WHAT YOU NEED TO DO –
Repeat every line below exactly as it reads.
***** EXCERPTED DATA *****
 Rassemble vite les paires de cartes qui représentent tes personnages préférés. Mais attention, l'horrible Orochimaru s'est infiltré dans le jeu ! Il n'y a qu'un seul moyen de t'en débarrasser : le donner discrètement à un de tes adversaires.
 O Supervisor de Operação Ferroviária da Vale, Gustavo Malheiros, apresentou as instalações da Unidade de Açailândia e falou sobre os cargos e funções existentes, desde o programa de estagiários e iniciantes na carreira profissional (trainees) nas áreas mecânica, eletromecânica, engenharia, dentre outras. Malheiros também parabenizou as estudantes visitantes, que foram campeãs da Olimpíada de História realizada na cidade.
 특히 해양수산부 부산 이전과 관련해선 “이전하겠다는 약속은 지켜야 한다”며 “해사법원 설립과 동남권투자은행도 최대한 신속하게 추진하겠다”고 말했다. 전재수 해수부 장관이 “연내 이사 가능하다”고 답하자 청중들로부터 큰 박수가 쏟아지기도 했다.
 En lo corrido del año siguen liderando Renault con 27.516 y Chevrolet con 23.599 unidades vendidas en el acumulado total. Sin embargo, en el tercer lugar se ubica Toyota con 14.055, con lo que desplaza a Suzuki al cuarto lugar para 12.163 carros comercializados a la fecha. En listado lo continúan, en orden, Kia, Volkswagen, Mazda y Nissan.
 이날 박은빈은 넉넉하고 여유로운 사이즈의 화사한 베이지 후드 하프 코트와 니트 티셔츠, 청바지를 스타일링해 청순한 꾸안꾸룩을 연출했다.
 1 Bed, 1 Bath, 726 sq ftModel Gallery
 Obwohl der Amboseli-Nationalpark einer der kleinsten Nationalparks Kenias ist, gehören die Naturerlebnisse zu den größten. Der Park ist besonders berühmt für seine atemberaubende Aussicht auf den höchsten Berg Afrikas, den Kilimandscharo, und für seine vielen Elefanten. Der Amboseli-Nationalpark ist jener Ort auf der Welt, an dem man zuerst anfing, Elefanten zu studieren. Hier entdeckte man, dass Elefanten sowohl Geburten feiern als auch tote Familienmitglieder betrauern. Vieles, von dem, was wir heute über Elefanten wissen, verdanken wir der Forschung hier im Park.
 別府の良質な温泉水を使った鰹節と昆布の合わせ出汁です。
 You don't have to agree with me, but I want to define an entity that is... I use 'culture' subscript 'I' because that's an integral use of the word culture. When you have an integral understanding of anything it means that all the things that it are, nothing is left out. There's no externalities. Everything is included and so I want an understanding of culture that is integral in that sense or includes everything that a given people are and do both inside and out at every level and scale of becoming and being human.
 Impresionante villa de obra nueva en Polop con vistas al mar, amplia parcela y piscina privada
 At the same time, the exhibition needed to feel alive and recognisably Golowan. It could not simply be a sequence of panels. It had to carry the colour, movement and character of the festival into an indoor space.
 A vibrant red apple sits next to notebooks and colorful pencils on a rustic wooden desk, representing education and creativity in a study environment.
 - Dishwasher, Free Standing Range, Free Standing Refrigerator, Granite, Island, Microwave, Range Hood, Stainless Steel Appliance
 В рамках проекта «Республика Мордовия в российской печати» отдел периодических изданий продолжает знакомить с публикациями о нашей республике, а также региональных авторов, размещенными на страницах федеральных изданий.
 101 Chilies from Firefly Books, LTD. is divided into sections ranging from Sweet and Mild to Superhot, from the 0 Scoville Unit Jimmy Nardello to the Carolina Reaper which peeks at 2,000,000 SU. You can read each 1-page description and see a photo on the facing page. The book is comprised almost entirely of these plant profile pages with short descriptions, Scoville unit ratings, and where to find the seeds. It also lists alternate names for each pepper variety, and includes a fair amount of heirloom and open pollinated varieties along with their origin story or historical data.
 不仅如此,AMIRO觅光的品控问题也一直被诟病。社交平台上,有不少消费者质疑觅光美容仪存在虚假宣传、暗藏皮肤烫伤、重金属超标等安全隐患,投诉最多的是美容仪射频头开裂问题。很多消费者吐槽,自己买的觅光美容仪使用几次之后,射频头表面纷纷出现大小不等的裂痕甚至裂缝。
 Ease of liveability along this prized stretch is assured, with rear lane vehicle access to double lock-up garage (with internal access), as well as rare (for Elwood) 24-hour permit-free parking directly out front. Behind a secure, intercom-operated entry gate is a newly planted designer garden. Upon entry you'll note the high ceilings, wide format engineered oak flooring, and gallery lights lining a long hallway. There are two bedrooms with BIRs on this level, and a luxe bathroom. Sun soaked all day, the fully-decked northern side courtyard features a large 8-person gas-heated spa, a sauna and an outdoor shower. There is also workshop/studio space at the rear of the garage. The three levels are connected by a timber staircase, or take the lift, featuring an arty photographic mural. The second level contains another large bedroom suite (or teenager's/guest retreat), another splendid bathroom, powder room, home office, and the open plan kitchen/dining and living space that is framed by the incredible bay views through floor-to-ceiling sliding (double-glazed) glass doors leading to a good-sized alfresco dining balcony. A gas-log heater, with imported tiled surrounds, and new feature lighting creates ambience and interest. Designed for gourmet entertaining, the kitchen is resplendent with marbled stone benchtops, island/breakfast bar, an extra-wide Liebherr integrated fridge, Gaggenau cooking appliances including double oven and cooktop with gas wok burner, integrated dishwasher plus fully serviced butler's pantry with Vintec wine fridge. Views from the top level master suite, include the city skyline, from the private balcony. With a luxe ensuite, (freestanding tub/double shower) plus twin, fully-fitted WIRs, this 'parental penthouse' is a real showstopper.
*****
ANSWER TO THE PROBLEM –
 Rassemble vite les paires de cartes qui représentent tes personnages préférés. Mais attention, l'horrible Orochimaru s'est infiltré dans le jeu ! Il n'y a qu'un seul moyen de t'en débarrasser : le donner discrètement à un de tes adversaires.
 O Supervisor de Operação Ferroviária da Vale, Gustavo Malheiros, apresentou as instalações da Unidade de Açailândia e falou sobre os cargos e funções existentes, desde o programa de estagiários e iniciantes na carreira profissional (trainees) nas áreas mecânica, eletromecânica, engenharia, dentre outras. Malheiros também parabenizou as estudantes visitantes, que foram campeãs da Olimpíada de História realizada na cidade.
 특히 해양수산부 부산 이전과 관련해선 “이전하겠다는 약속은 지켜야 한다”며 “해사법원 설립과 동남권투자은행도 최대한 신속하게 추진하겠다”고 말했다. 전재수 해수부 장관이 “연내 이사 가능하다”고 답하자 청중들로부터 큰 박수가 쏟아지기도 했다.
 En lo corrido del año siguen liderando Renault con 27.516 y Chevrolet con 23.599 unidades vendidas en el acumulado total. Sin embargo, en el tercer lugar se ubica Toyota con 14.055, con lo que desplaza a Suzuki al cuarto lugar para 12.163 carros comercializados a la fecha. En listado lo continúan, en orden, Kia, Volkswagen, Mazda y Nissan.
 이날 박은빈은 넉넉하고 여유로운 사이즈의 화사한 베이지 후드 하프 코트와 니트 티셔츠, 청바지를 스타일링해 청순한 꾸안꾸룩을 연출했다.
 1 Bed, 1 Bath, 726 sq ftModel Gallery
 Obwohl der Amboseli-Nationalpark einer der kleinsten Nationalparks Kenias ist, gehören die Naturerlebnisse zu den größten. Der Park ist besonders berühmt für seine atemberaubende Aussicht auf den höchsten Berg Afrikas, den Kilimandscharo, und für seine vielen Elefanten. Der Amboseli-Nationalpark ist jener Ort auf der Welt, an dem man zuerst anfing, Elefanten zu studieren. Hier entdeckte man, dass Elefanten sowohl Geburten feiern als auch tote Familienmitglieder betrauern. Vieles, von dem, was wir heute über Elefanten wissen, verdanken wir der Forschung hier im Park.
 別府の良質な温泉水を使った鰹節と昆布の合わせ出汁です。
 You don't have to agree with me, but I want to define an entity that is... I use 'culture' subscript 'I' because that's an integral use of the word culture. When you have an integral understanding of anything it means that all the things that it are, nothing is left out. There's no externalities. Everything is included and so I want an understanding of culture that is integral in that sense or includes everything that a given people are and do both inside and out at every level and scale of becoming and being human.
 Impresionante villa de obra nueva en Polop con vistas al mar, amplia parcela y piscina privada
 At the same time, the exhibition needed to feel alive and recognisably Golowan. It could not simply be a sequence of panels. It had to carry the colour, movement and character of the festival into an indoor space.
 A vibrant red apple sits next to notebooks and colorful pencils on a rustic wooden desk, representing education and creativity in a study environment.
 - Dishwasher, Free Standing Range, Free Standing Refrigerator, Granite, Island, Microwave, Range Hood, Stainless Steel Appliance
 В рамках проекта «Республика Мордовия в российской печати» отдел периодических изданий продолжает знакомить с публикациями о нашей республике, а также региональных авторов, размещенными на страницах федеральных изданий.
 101 Chilies from Firefly Books, LTD. is divided into sections ranging from Sweet and Mild to Superhot, from the 0 Scoville Unit Jimmy Nardello to the Carolina Reaper which peeks at 2,000,000 SU. You can read each 1-page description and see a photo on the facing page. The book is comprised almost entirely of these plant profile pages with short descriptions, Scoville unit ratings, and where to find the seeds. It also lists alternate names for each pepper variety, and includes a fair amount of heirloom and open pollinated varieties along with their origin story or historical data.
 不仅如此,AMIRO觅光的品控问题也一直被诟病。社交平台上,有不少消费者质疑觅光美容仪存在虚假宣传、暗藏皮肤烫伤、重金属超标等安全隐患,投诉最多的是美容仪射频头开裂问题。很多消费者吐槽,自己买的觅光美容仪使用几次之后,射频头表面纷纷出现大小不等的裂痕甚至裂缝。
 Ease of liveability along this prized stretch is assured, with rear lane vehicle access to double lock-up garage (with internal access), as well as rare (for Elwood) 24-hour permit-free parking directly out front. Behind a secure, intercom-operated entry gate is a newly planted designer garden. Upon entry you'll note the high ceilings, wide format engineered oak flooring, and gallery lights lining a long hallway. There are two bedrooms with BIRs on this level, and a luxe bathroom. Sun soaked all day, the fully-decked northern side courtyard features a large 8-person gas-heated spa, a sauna and an outdoor shower. There is also workshop/studio space at the rear of the garage. The three levels are connected by a timber staircase, or take the lift, featuring an arty photographic mural. The second level contains another large bedroom suite (or teenager's/guest retreat), another splendid bathroom, powder room, home office, and the open plan kitchen/dining and living space that is framed by the incredible bay views through floor-to-ceiling sliding (double-glazed) glass doors leading to a good-sized alfresco dining balcony. A gas-log heater, with imported tiled surrounds, and new feature lighting creates ambience and interest. Designed for gourmet entertaining, the kitchen is resplendent with marbled stone benchtops, island/breakfast bar, an extra-wide Liebherr integrated fridge, Gaggenau cooking appliances including double oven and cooktop with gas wok burner, integrated dishwasher plus fully serviced butler's pantry with Vintec wine fridge. Views from the top level master suite, include the city skyline, from the private balcony. With a luxe ensuite, (freestanding tub/double shower) plus twin, fully-fitted WIRs, this 'parental penthouse' is a real showstopper.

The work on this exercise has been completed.